Anime Review: Genius Party & Genius Party Beyond

Genius Party & Genius Party Beyond are a pair of anthology films from Studio 3°C. Anime anthology films often open up a lot of opportunities for experimentation and exploration of the craft, and Studio 3°C in particular is a studio who likes to nurture this degree of experimentation. I’ll be discussing both of the two films together, as the films were originally planned to be released together.

The Genius Party duology, unlike Robot Carnival and Neotokyo, doesn’t have a common thematic underpinning for the work. Nor does it have a common writer for each of the shorts, like with Katsuhiro Otomo’s Memories. Instead each work is effectively written and directed by the same person. Consequently, the stories in each film go across the board from a philosophical spoken word essay accompanied by animated imagery, to a story about adolescent loneliness and separation, to a mostly wordless tone-poem about isolation and social ostracism scored by Juno Reactor.

Some of these shorts, like “Baby Blue” & “Doorbell” from the first anthology, and three of the five shorts from the second anthology feature more, for lack of a better term, conventional anime character designs. Many of the other shorts have more surrealistic visuals, some more grotesque than others. The first anthology also tends toward more unconventional narratives (or no narratives at all), while Beyond has more works with actual narratives, either of a conventional variety, or ones that operate through dream logic.

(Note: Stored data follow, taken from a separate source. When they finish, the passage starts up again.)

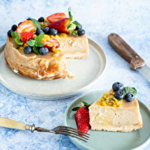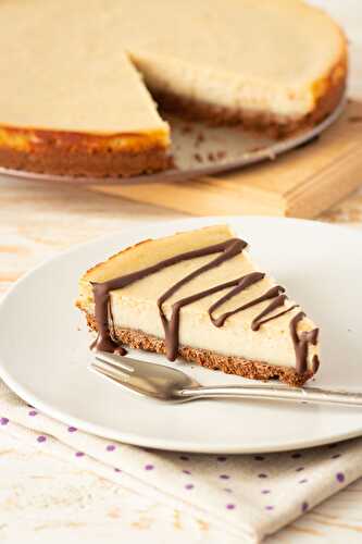 This baked vegan cheesecake is simple - crumbly crust topped with a creamy filling that is a pleasure to slice.
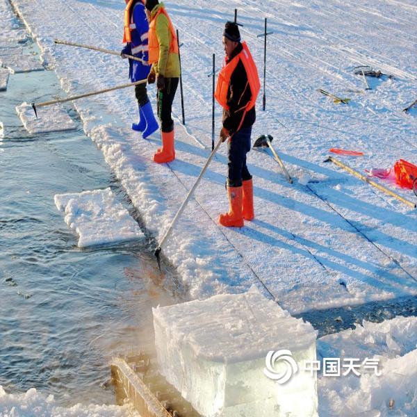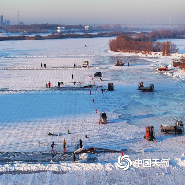 中国天气网讯 近日,哈尔滨松花江畔一年一度的冬季采冰已经开始,这些冰块将被运...
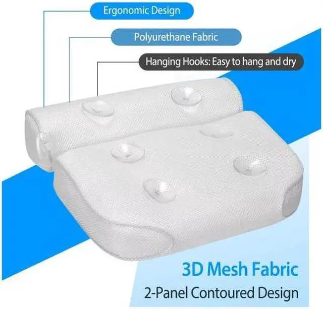 Breathable 3D Mesh Fabric: Crafted from unique 3D mesh fabric, our pillow ensures excellent breathability and ventilation, allowing water and air to permeate through the holes for quick drying. Enjoy softness, breathability, and comfort during every bath.
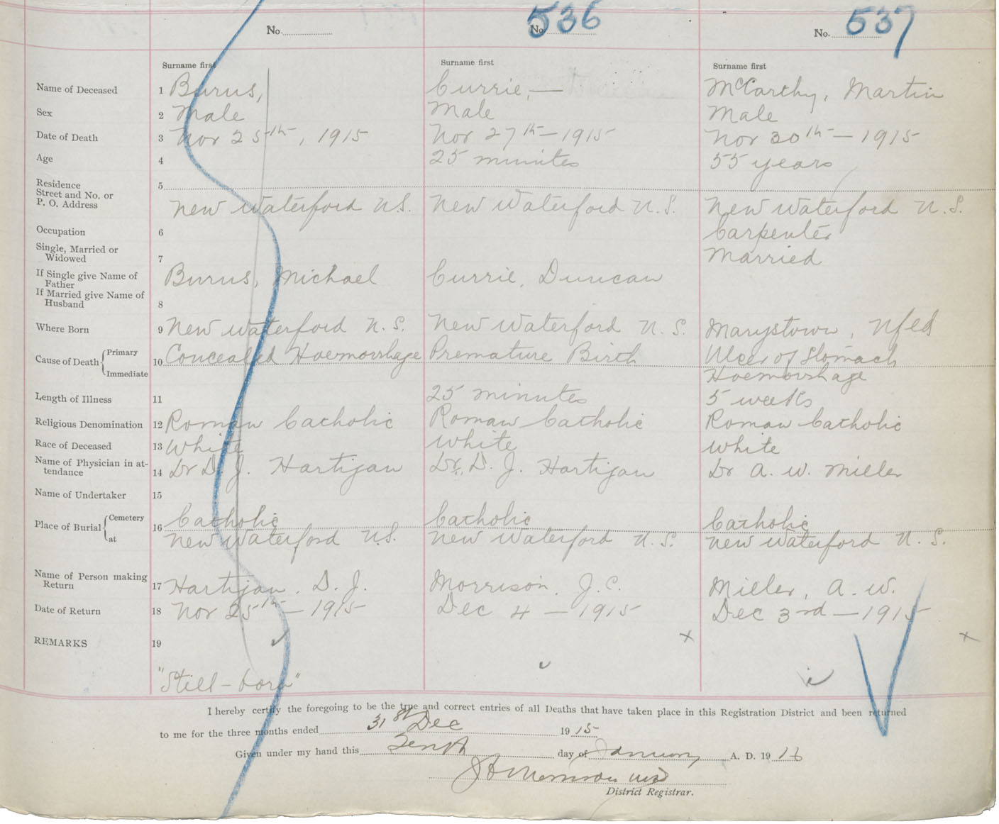 Male Death Registration: Year: 1915 book: 28 page: 145 number: 536
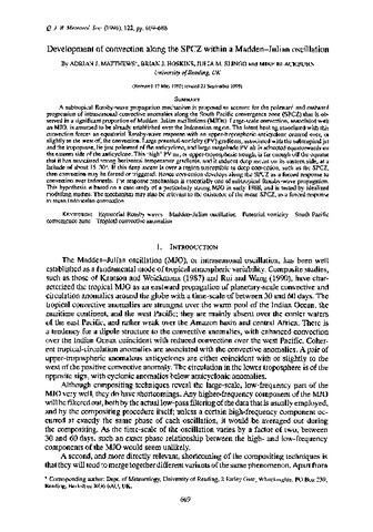 Matthews, A. J., Hoskins, B. J., Slingo, J. M. and Blackburn, M. (1996) Development of convection along the SPCZ within a Madden-Julian oscillation. Quarterly Journal of the Royal Meteorological Society, 122 (531). pp. 669-688. ISSN 1477-870X doi: 10.1002/qj.49712253106

As far as recommendations go, these anthologies definitely fall into the category of “Art for art’s sake,” and if the idea of watching an anime anthology for that reason, with the strong likelihood that you’re not going to get much of a conventional narrative is a turn-off, you may want to skip this.

This had been licenced for US streaming by Netflix, but as of this writing, those rights have expired. Hopefully, someone like Discotek Media or, hell, the Criterion Collection will pick up rights for these films, as I think modern anime fans, especially with the current rise of interest in “Sakuga” could get some interest out of this.